Back in February, Reid stepped up his attack on the two wealthy libertarian industrialists in response to ads being run by a Koch-backed group opposing the Affordable Care Act. In a speech on the Senate floor, Reid said the ads went too far and that Charles and David Koch were trying to “buy” America, The Washington Post reported at the time.

“It's too bad that they're trying to buy America, and it's time that the American people spoke out against this terrible dishonesty of these two brothers who are about as un-American as anyone I can imagine," Reid said.

Related: High Court Ruling: How to Win Pols and Influence Voters   

Since then, Democrats have called for a constitutional amendment to restore Congress' power to regulate campaign finance after the Supreme Court struck down several fundraising restrictions.  

It is “sad and pathetic when somebody calls a person un-American, especially when they are bigger offenders of the action he defines as un-American,” Scarborough complained today.

Super PACs are a new kind of political action committee created in July 2010 following the outcome of a federal court case known as SpeechNow.org v.
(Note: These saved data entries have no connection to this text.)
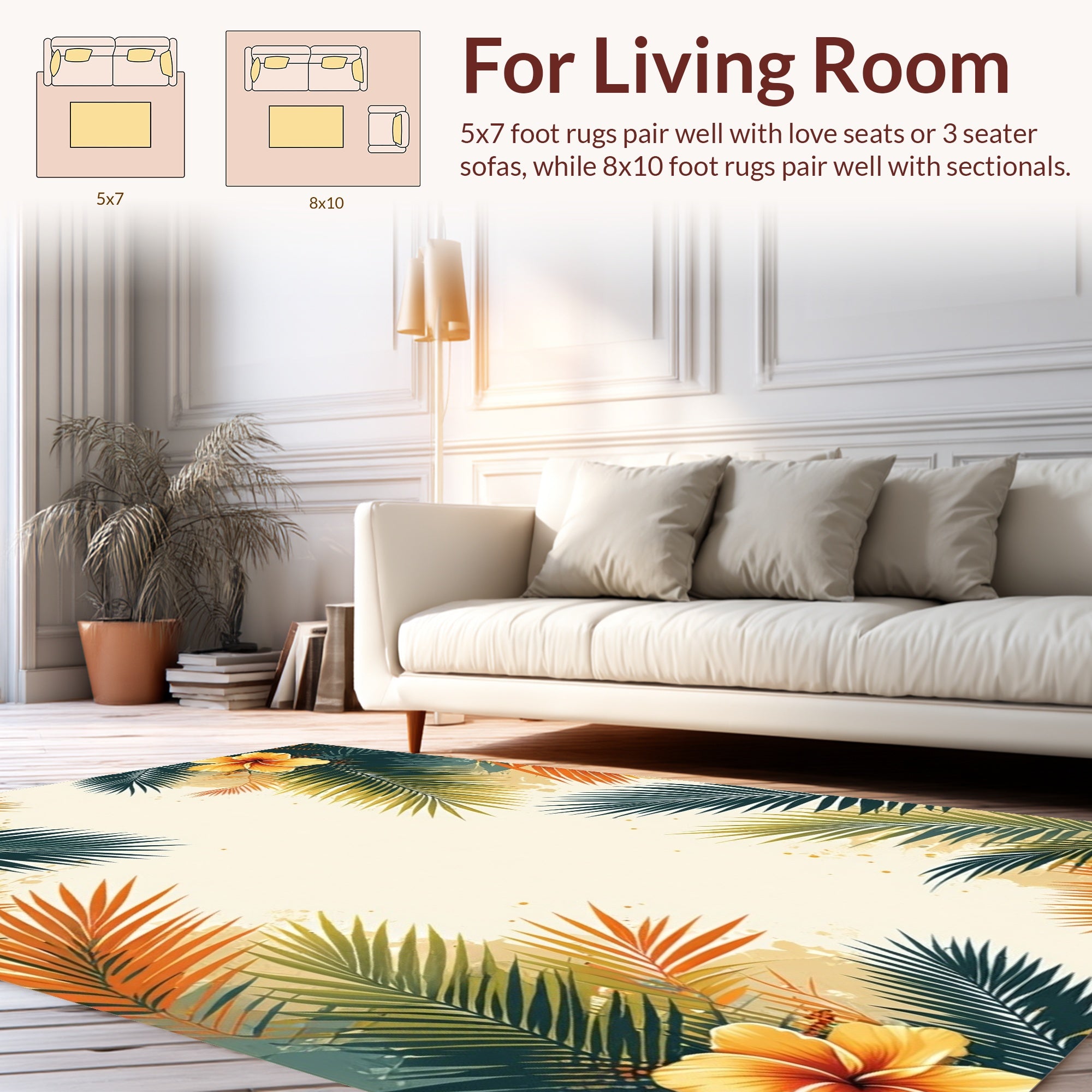 Flatwoven High Traffic Area Rug, Vibrant Floral Charm, Non Slip, Stain Resistant, Washable Area Rugs for Living Room, Bedroom (Beige) Overview: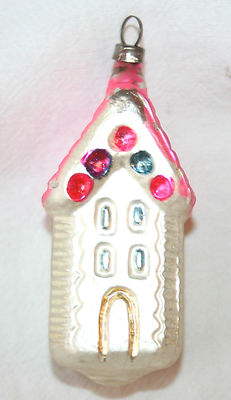 Title (ebay affiliate link): 1920s Glass Ginger Bread Cottage. Detailed, Very Nice German Ornament.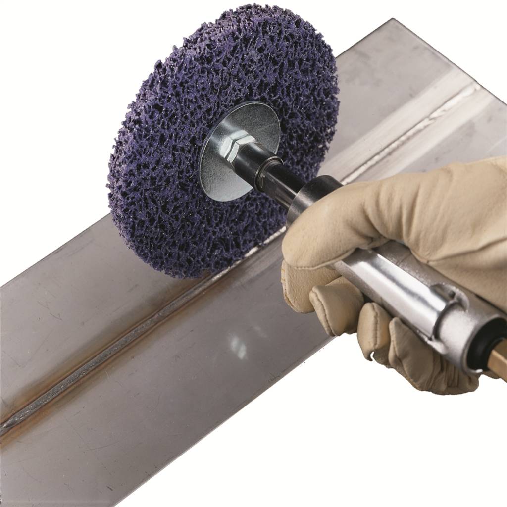Take Advantage of High Conformability. With its re-engineered fiber, the Scotch-Brite? Clean and Strip XT Pro Disc allows operators to take advantage of all the benefits that come with increased conformability without compromising strength. With increased conformability, this disc achieves a larger contact area with the workpiece for faster removal rates. It also conforms to weld bead ripples to polish welds without removing them and works in hard-to-reach areas without damaging the substrate. In addition to its high conformability, the Scotch-Brite? Clean and Strip XT Pro Disc offers low vibration, decreased chunking, low spark, a high speed rating and long life. That all adds up to a disc you can spin onto your angle grinder with confidence. To engineer our Scotch-Brite? Clean and Strip XT Pro Disc, silicon carbide mineral is combined with non-woven nylon fibers using resin. Silicon carbide is a very sharp synthetic mineral commonly used in low-pressure applications like paint prep. The resin bond strengthens the disc and gradually breaks down to reveal new fibers and sharp mineral ? delivering a consistent cut over the life of the abrasive. The combination of fiber strands, resin and abrasive mineral forms a thick, open web. The spring-like nature of the fibers responds to contours and effectively removes unwanted burrs, soils, and contaminants while maintaining the geometry of the workpiece, which in turn reduces rework and boosts productivity. Gaps in the web allow swarf to escape, minimizing loading of the abrasive. Applications include rust removal, paint removal, mill scale removal, coating removal, adhesive removal, and surface preparation.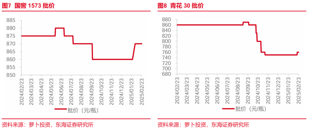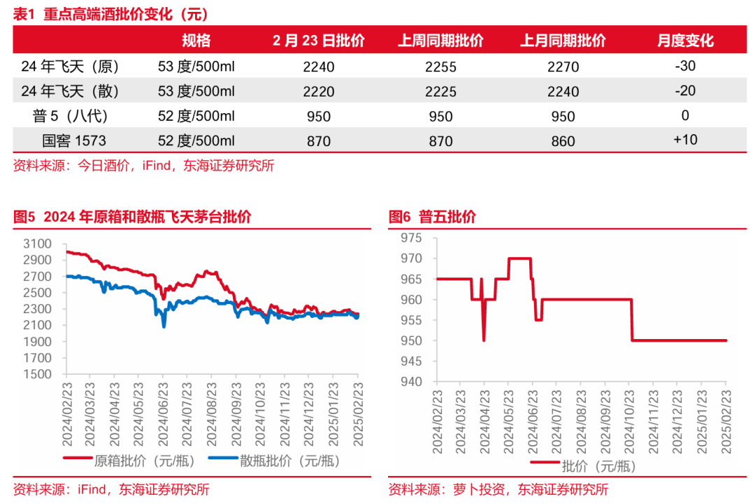 白酒:近期酒企密集停货,控量控价积极。泸州老窖:泸州大成浓香酒类销售有限公司发布通知,2月19日起暂停接收泸州老窖老头曲500ml装产品订单与发货,恢复时间另行通知。2月21日,泸州老窖怀旧酒类营销有限公司发布通知,表示即日起暂停接收泸州老窖特曲60版系列产品订单与发货,恢复时间另行通知。山西汾酒:根据微酒,2月17日汾酒青花20、老白汾酒10两款产品已在多地停止供货,未来将全部升级为五码合一的新版产品。节后多家酒企发布停货通知,积极控货挺价,调节供需矛盾。2025年酒企更加注重自身的发展质量、量价平衡以及各渠道的健康发展。批价更新:上周飞天茅台批价保持小幅下跌。截至2月23日,2024年茅台散飞批价2220元,周环比下降5元,月环比下降20元;2024年茅台原箱批价2240元,周环比下降15元、月环比下降30元。五粮液普五批价为950元,周、月环比持平。国窖1573批价870元,批价周环比持平、月环比上涨10元。板块基本面已筑底,期待后续政策持续加码带动白酒需求修复。白酒行业竞争加剧,头部酒企的市场份额不断提升且经营业绩稳健,建议关注高端酒和区域龙头。

Federal Election Commission.

The Center for Responsive Politics says these new Super PACs could “raise unlimited sums of money from corporations, unions, associations and individuals, then spend unlimited sums to overtly advocate for or against political candidates.” As of last month, 1,185 groups organized as Super PACs reported total receipts of $359.1 million and total independent expenditures of $161.9 million in the 2014 cycle. 

Hard Money, Soft Money
The 2014 midterm election has turned into a barnburner of a campaign, with literally billions of dollars of “hard money” contributed directly to House and Senate candidates and “soft money” coursing through SuperPACs and non-profit political advocacy groups that go largely unreported.  
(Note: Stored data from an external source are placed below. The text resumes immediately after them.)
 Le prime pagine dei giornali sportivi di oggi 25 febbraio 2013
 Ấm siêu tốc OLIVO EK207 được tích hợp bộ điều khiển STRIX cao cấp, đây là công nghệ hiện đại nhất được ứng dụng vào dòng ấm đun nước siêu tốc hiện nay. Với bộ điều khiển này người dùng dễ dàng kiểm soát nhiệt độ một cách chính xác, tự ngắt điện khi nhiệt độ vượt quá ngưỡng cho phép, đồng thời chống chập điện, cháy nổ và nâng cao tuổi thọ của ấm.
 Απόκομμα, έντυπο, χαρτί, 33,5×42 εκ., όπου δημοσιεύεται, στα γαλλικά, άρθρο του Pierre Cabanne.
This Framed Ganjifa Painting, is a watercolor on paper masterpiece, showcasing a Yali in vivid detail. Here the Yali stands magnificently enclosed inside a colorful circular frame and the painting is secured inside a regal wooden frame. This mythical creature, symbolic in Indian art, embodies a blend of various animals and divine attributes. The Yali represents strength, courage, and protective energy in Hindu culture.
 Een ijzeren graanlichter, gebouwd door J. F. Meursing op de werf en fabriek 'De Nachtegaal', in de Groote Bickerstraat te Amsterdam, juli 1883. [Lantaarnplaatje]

Related: Senate Race 2014: Dems Have 30 Days to Turn It Around and Prove the Polls Wrong  

During the 2012 presidential campaign, there was a lot of focus on the big spending by conservative SuperPacs like Karl Rove’s American Crossroads and the Koch Brothers’ political advocacy group Americans for Prosperity. Liberal groups were spending a great deal as well, but conservative group spending seemed to dominate the scene.
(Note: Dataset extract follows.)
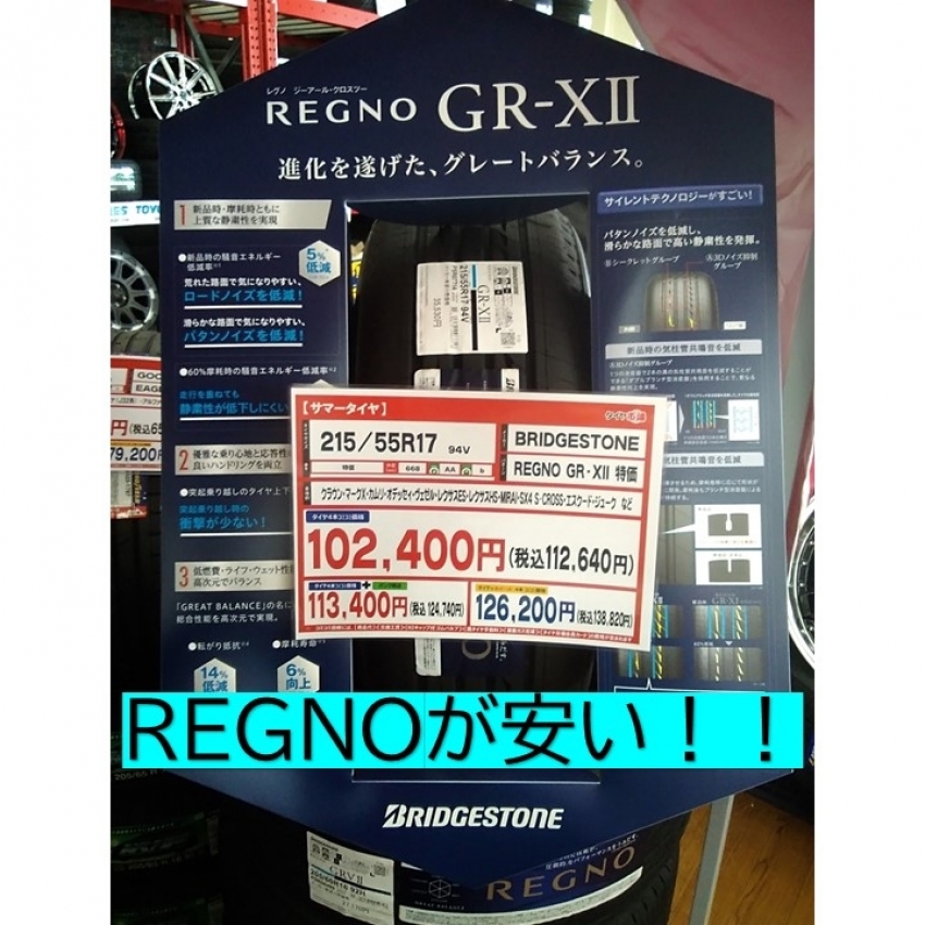 ブリヂストンのレグノが大変お安くなっております!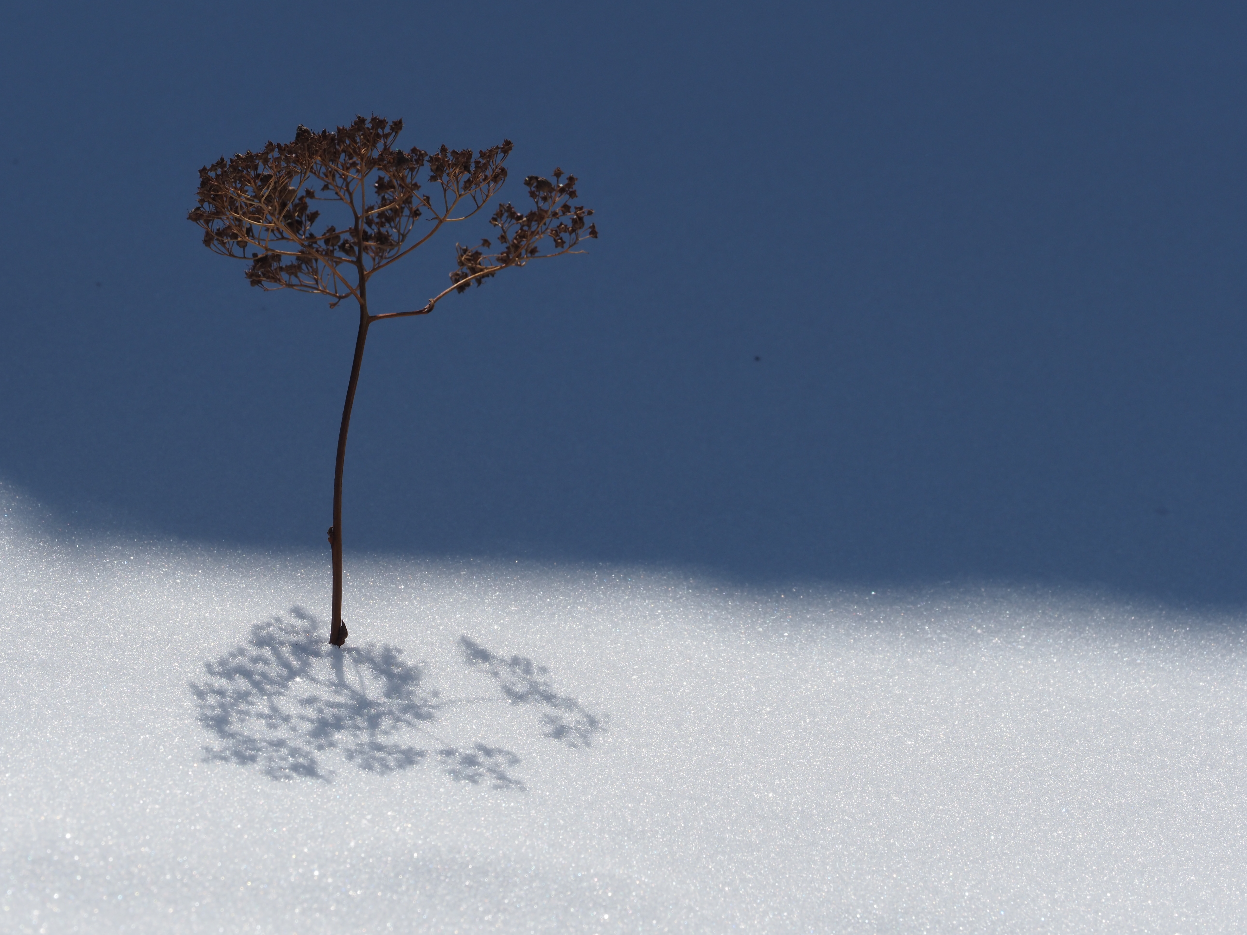 - #photo-a-day/2023 #place/Canada/Manitoba/Winnipeg/River Heights #plants/forb/Sedum #plants/part/flower/wilted #shadow #water/frozen/snow

Now, with big Democratic donors like billionaire Tom Steyer in the mix, the two parties have reached parity in funding. And in the case of Super PAC spending, Reid’s Senate Majority PAC and the liberal NextGen Climate Action – with $11.7 million of campaign spending so far – are major players in the changing campaign finance scene.

But the Koch Brothers complex and far flung political advocacy network remains a hugely powerful force in politics.

Politico reported in June that political donors allied with the Koch Brothers’ political operations created Freedom Partners Action fund as “a significant new weapon in its rapidly expanding arsenal.” The new independent-expenditure PAC aimed to spend more than $15 million in the 2014 midterm campaigns – part of a much larger overall effort expected to total $290 million, according to Politico.

Related: The Shadowy World of ‘Dark Money’ Campaign Spending   

A half-dozen groups with ties to  the Koch brothers have already funded almost 44,000 ads in battleground states,  according to a new report from the Center for Public Integrity and the Kantar Media Group/CMAG, The Washington Post reported last month.

The six non-profit groups --  Americans for Prosperity, the American Energy Alliance, Concerned Veterans for America, the Freedom Partners Chamber of Commerce, Generation Opportunity and the 60 Plus Association – ran 43,900 TV ads from Jan. 1, 2013 through August 31, 2014.  “Americans for Prosperity alone has run more than 27,000 ads, which is significantly more than groups like American Crossroads/Crossroads GPS -- groups with close ties to former Bush White House political Svengali  Karl Rove,” according to The Post.